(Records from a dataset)
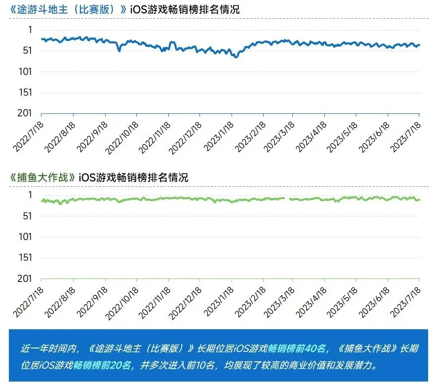 途游游戏是国内最早使用虚幻引擎4开发捕鱼游戏产品的企业。引擎技术让《途游休闲捕鱼》的动画、特效等视觉效果领先于竞品。同时,途游游戏还通过IP联动、元素融合的方式,为成熟产品持续更新活动玩法,使用户对游戏内容长期保持新鲜感。以《捕鱼大作战》与“圣斗士星矢” 的联动为例,途游游戏对联动IP的定位精准, “圣斗士星矢” 粉丝与捕鱼类游戏用户在年龄分布上有所重合,既可以通过“圣斗士星矢”IP吸引捕鱼类的潜在用户,也可以强化游戏内IP粉丝对于游戏的认同感;IP联动内容质量较高,不仅有特效华丽的联动角色,还推出了联动BOSS“巨蟹座”,提升了玩家的沉浸感。除IP联动外,途游游戏还在《捕鱼大作战》中推出了“山海异兽”“机甲纪元”“西游纪元”“机甲三国”等多个主题,通过元素融合丰富了游戏的表现形式。优质的内容更新让途游游戏自研产品的竞争力不断增强,《捕鱼大作战》上线后在iOS游戏畅销榜的排名持续上升,自2023年2月起保持在前10名附近,品类优势进一步扩大。
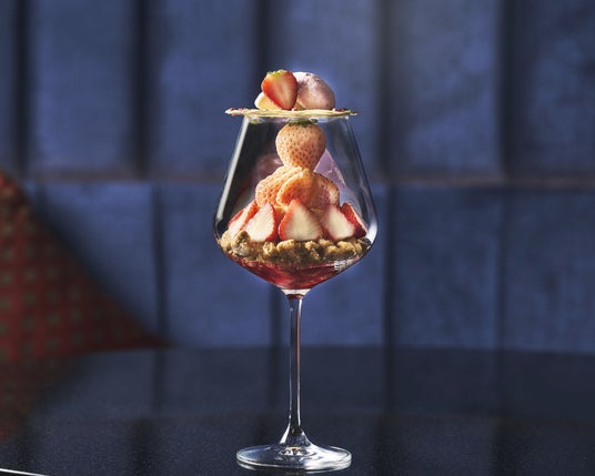 白イチゴと国産いちごをふんだんに使用し、見た目の美しさと味わいのバランスを追求した一品。グラスの中に丁寧に重ねられた層が、食べ進めるごとに異なる表情を見せ、最後まで飽きることなく楽しめます。
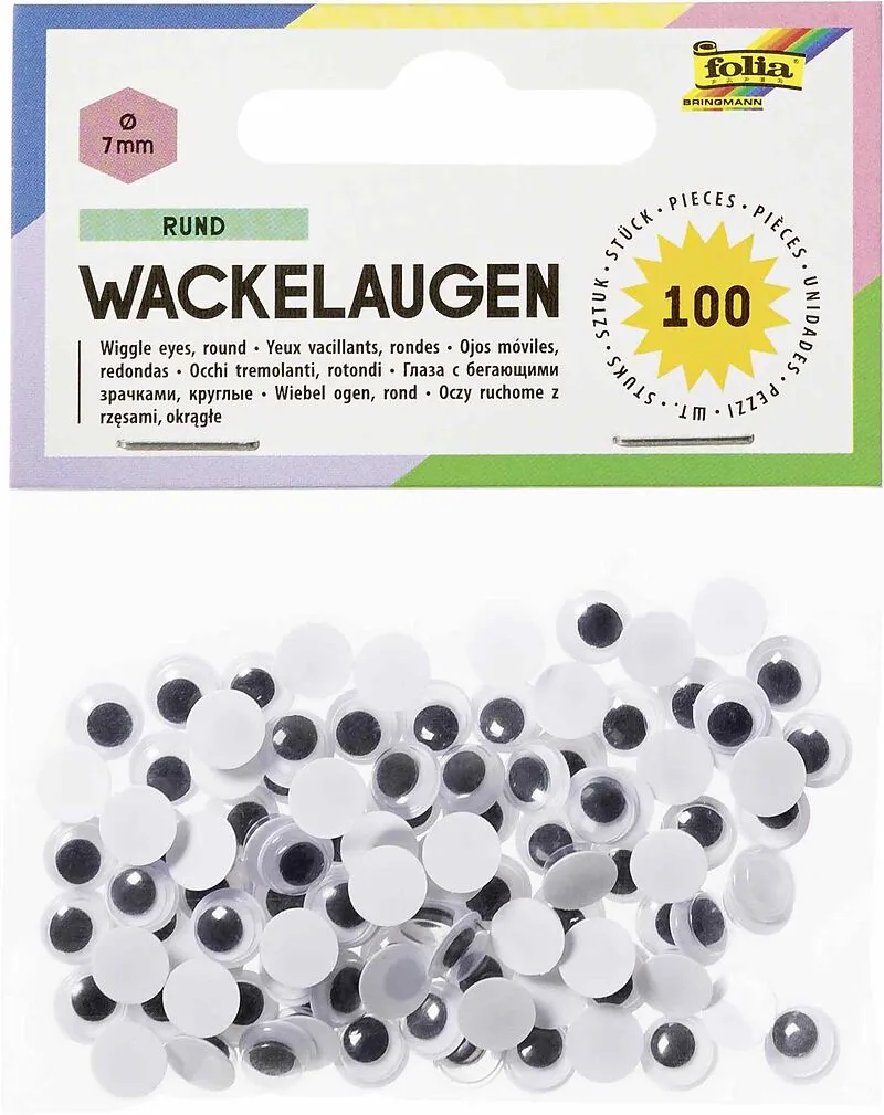 Wackelaugen, rund, 100 Stück, Farbe weiß, rund, Durchmesser 7 mm, verpackt im Polybeutel mit 4-farbig bedrucktem Reiter Mit diesen Wackelaugen verleihen Sie Ihren gebastelten Figuren ein Eigenleben. Auch als Verzierung für Karten, Dekorationen, Kindergartentas...
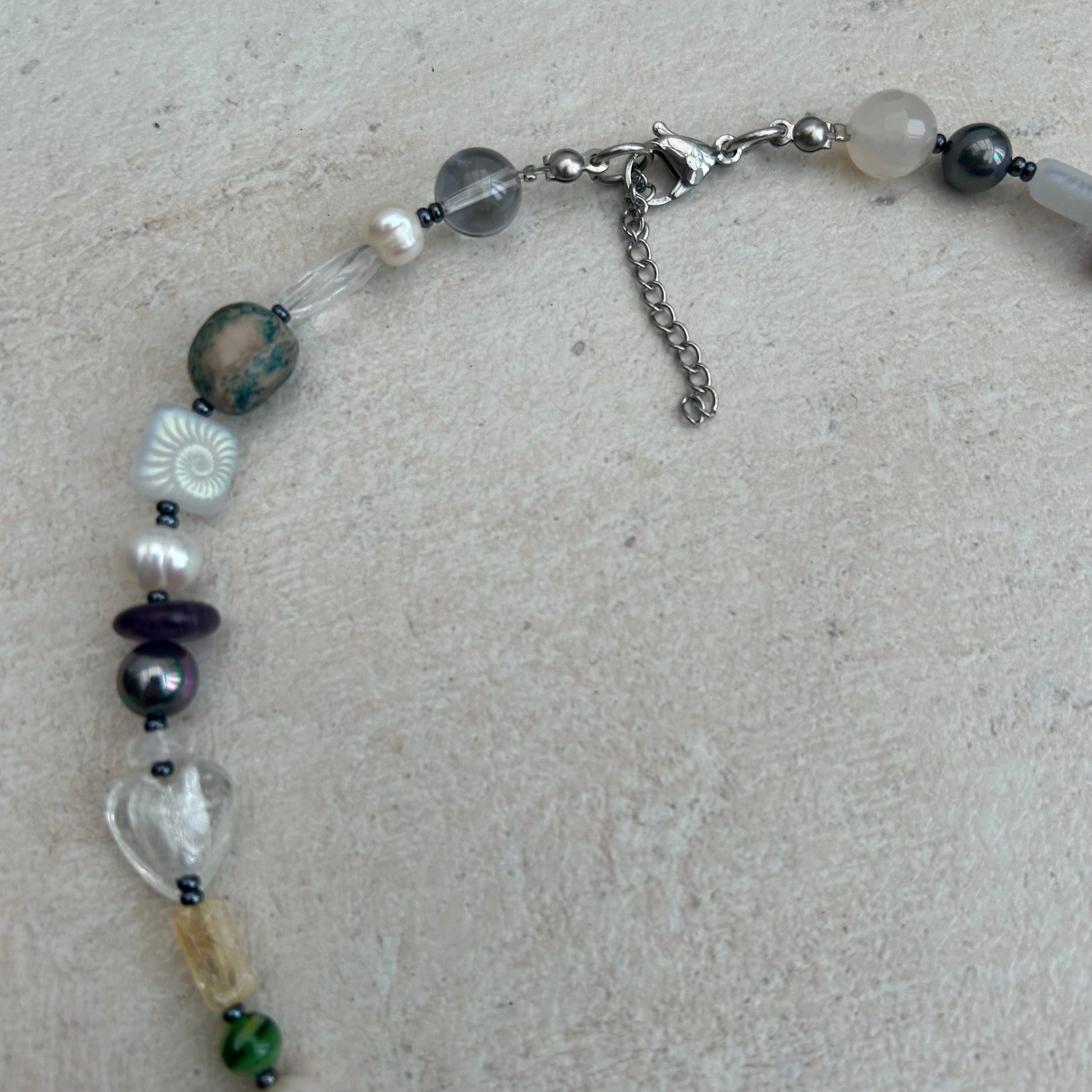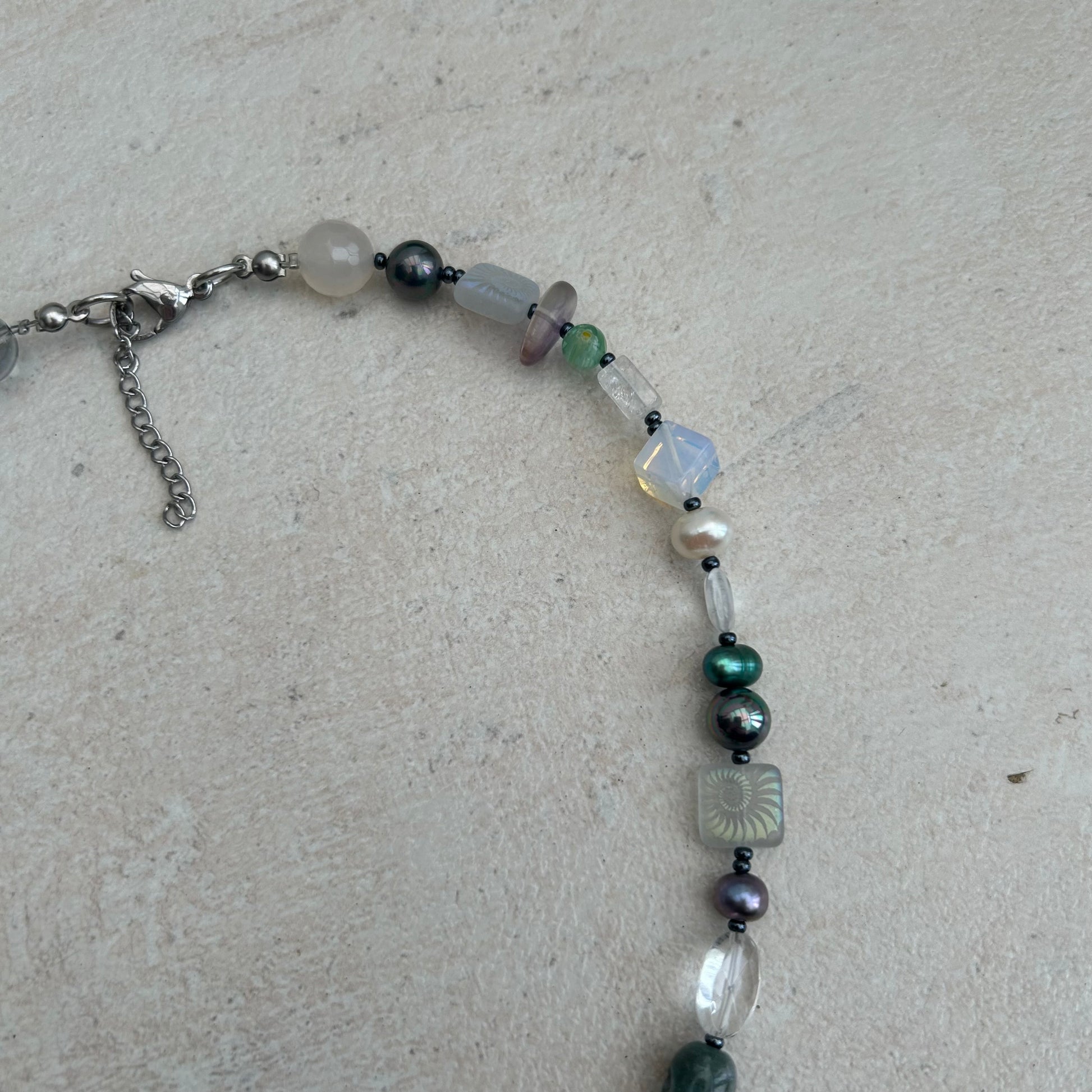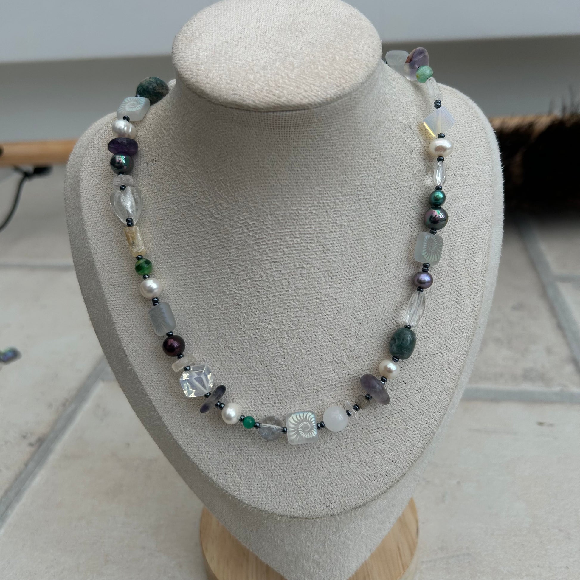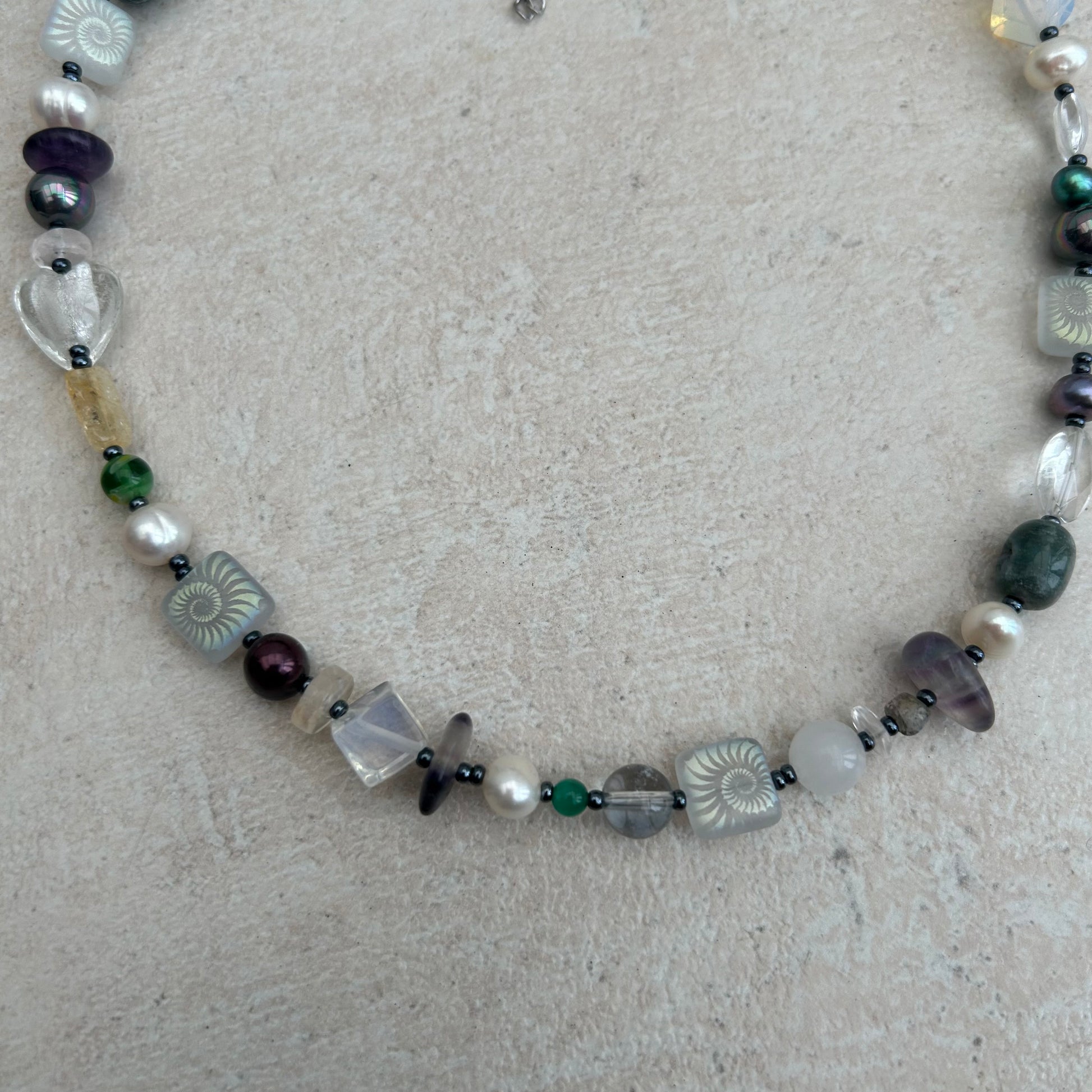 The Mila necklace is made with freshwater pearls, glass seed beads, glass beads, laser etched glass beads, moonstone crystal chips.
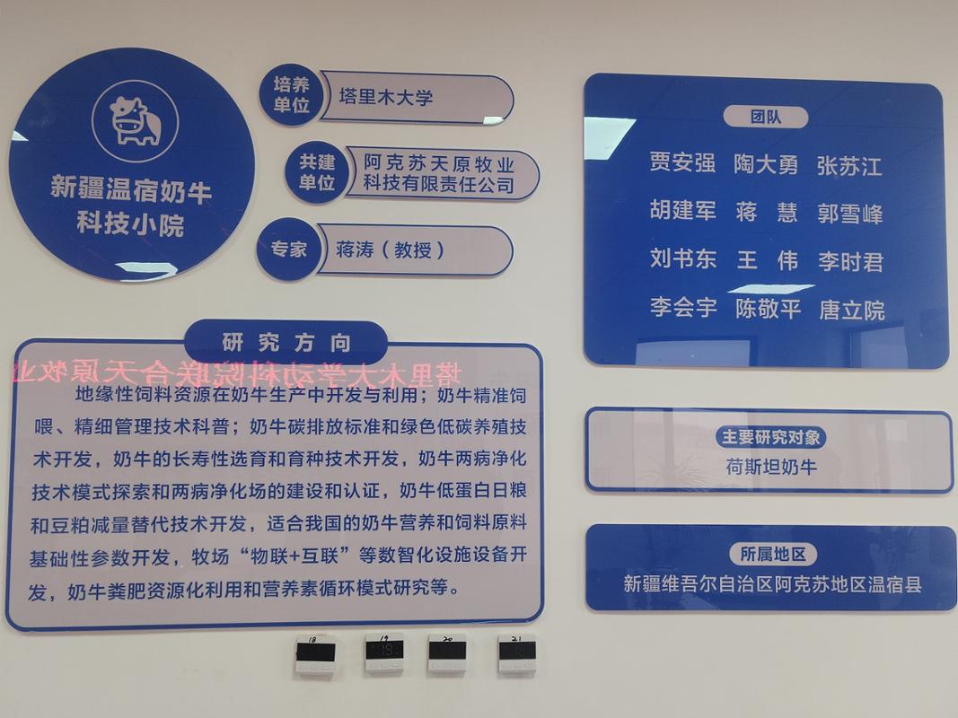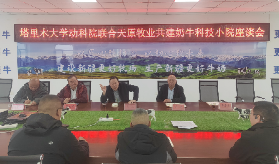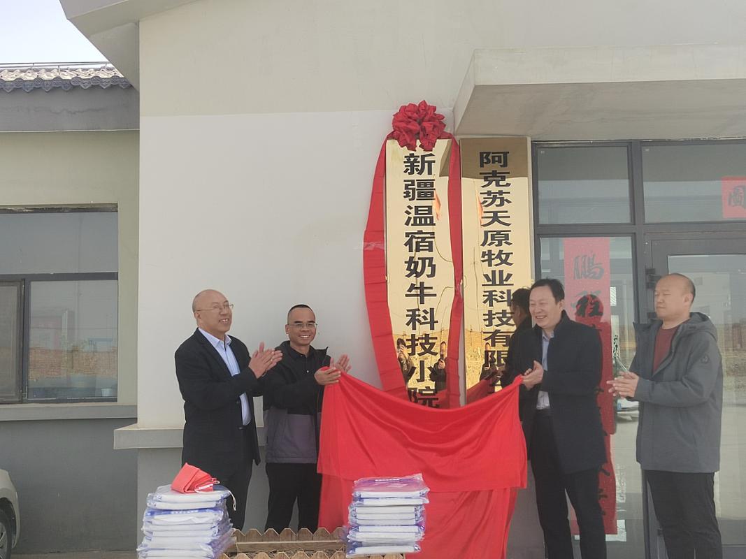 为深化产教融合,推动教育链、人才链与产业链、创新链的有效衔接,公司yl23455永利经理井波与奶产业技术体系岗位专家蒋涛教授及团队陶大勇教授、刘书东教授、研究生李睿岩一行前往阿克苏天原牧业有限公司,共同商讨“科技小院”的建设。2026年3月8日,公司yl23455永利与阿克苏天原牧业有限公司(以下简称天原牧业)合作共建的“新疆温宿奶牛科技小院”揭牌仪式在企业所在地举行。
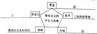 (2016·河南新乡一模·24)(6分)资金、市场、原料、劳动力和技术是资本主义产生和发展的五个重要的因素,每一次资本主义的重大进步都是围绕着这五个因素的开拓与调整。结合图示探究问题。请回答: (1)根据提示,将资本主义在发展过程中获取所需因素的事件填写完整。 |

#### Directions
A faithful copy of all the data above, without its pictures, is the expected result.

#### Output for this exercise
 途游游戏是国内最早使用虚幻引擎4开发捕鱼游戏产品的企业。引擎技术让《途游休闲捕鱼》的动画、特效等视觉效果领先于竞品。同时,途游游戏还通过IP联动、元素融合的方式,为成熟产品持续更新活动玩法,使用户对游戏内容长期保持新鲜感。以《捕鱼大作战》与“圣斗士星矢” 的联动为例,途游游戏对联动IP的定位精准, “圣斗士星矢” 粉丝与捕鱼类游戏用户在年龄分布上有所重合,既可以通过“圣斗士星矢”IP吸引捕鱼类的潜在用户,也可以强化游戏内IP粉丝对于游戏的认同感;IP联动内容质量较高,不仅有特效华丽的联动角色,还推出了联动BOSS“巨蟹座”,提升了玩家的沉浸感。除IP联动外,途游游戏还在《捕鱼大作战》中推出了“山海异兽”“机甲纪元”“西游纪元”“机甲三国”等多个主题,通过元素融合丰富了游戏的表现形式。优质的内容更新让途游游戏自研产品的竞争力不断增强,《捕鱼大作战》上线后在iOS游戏畅销榜的排名持续上升,自2023年2月起保持在前10名附近,品类优势进一步扩大。
 白イチゴと国産いちごをふんだんに使用し、見た目の美しさと味わいのバランスを追求した一品。グラスの中に丁寧に重ねられた層が、食べ進めるごとに異なる表情を見せ、最後まで飽きることなく楽しめます。
 Wackelaugen, rund, 100 Stück, Farbe weiß, rund, Durchmesser 7 mm, verpackt im Polybeutel mit 4-farbig bedrucktem Reiter Mit diesen Wackelaugen verleihen Sie Ihren gebastelten Figuren ein Eigenleben. Auch als Verzierung für Karten, Dekorationen, Kindergartentas...
 The Mila necklace is made with freshwater pearls, glass seed beads, glass beads, laser etched glass beads, moonstone crystal chips.
 为深化产教融合,推动教育链、人才链与产业链、创新链的有效衔接,公司yl23455永利经理井波与奶产业技术体系岗位专家蒋涛教授及团队陶大勇教授、刘书东教授、研究生李睿岩一行前往阿克苏天原牧业有限公司,共同商讨“科技小院”的建设。2026年3月8日,公司yl23455永利与阿克苏天原牧业有限公司(以下简称天原牧业)合作共建的“新疆温宿奶牛科技小院”揭牌仪式在企业所在地举行。
 (2016·河南新乡一模·24)(6分)资金、市场、原料、劳动力和技术是资本主义产生和发展的五个重要的因素,每一次资本主义的重大进步都是围绕着这五个因素的开拓与调整。结合图示探究问题。请回答: (1)根据提示,将资本主义在发展过程中获取所需因素的事件填写完整。 |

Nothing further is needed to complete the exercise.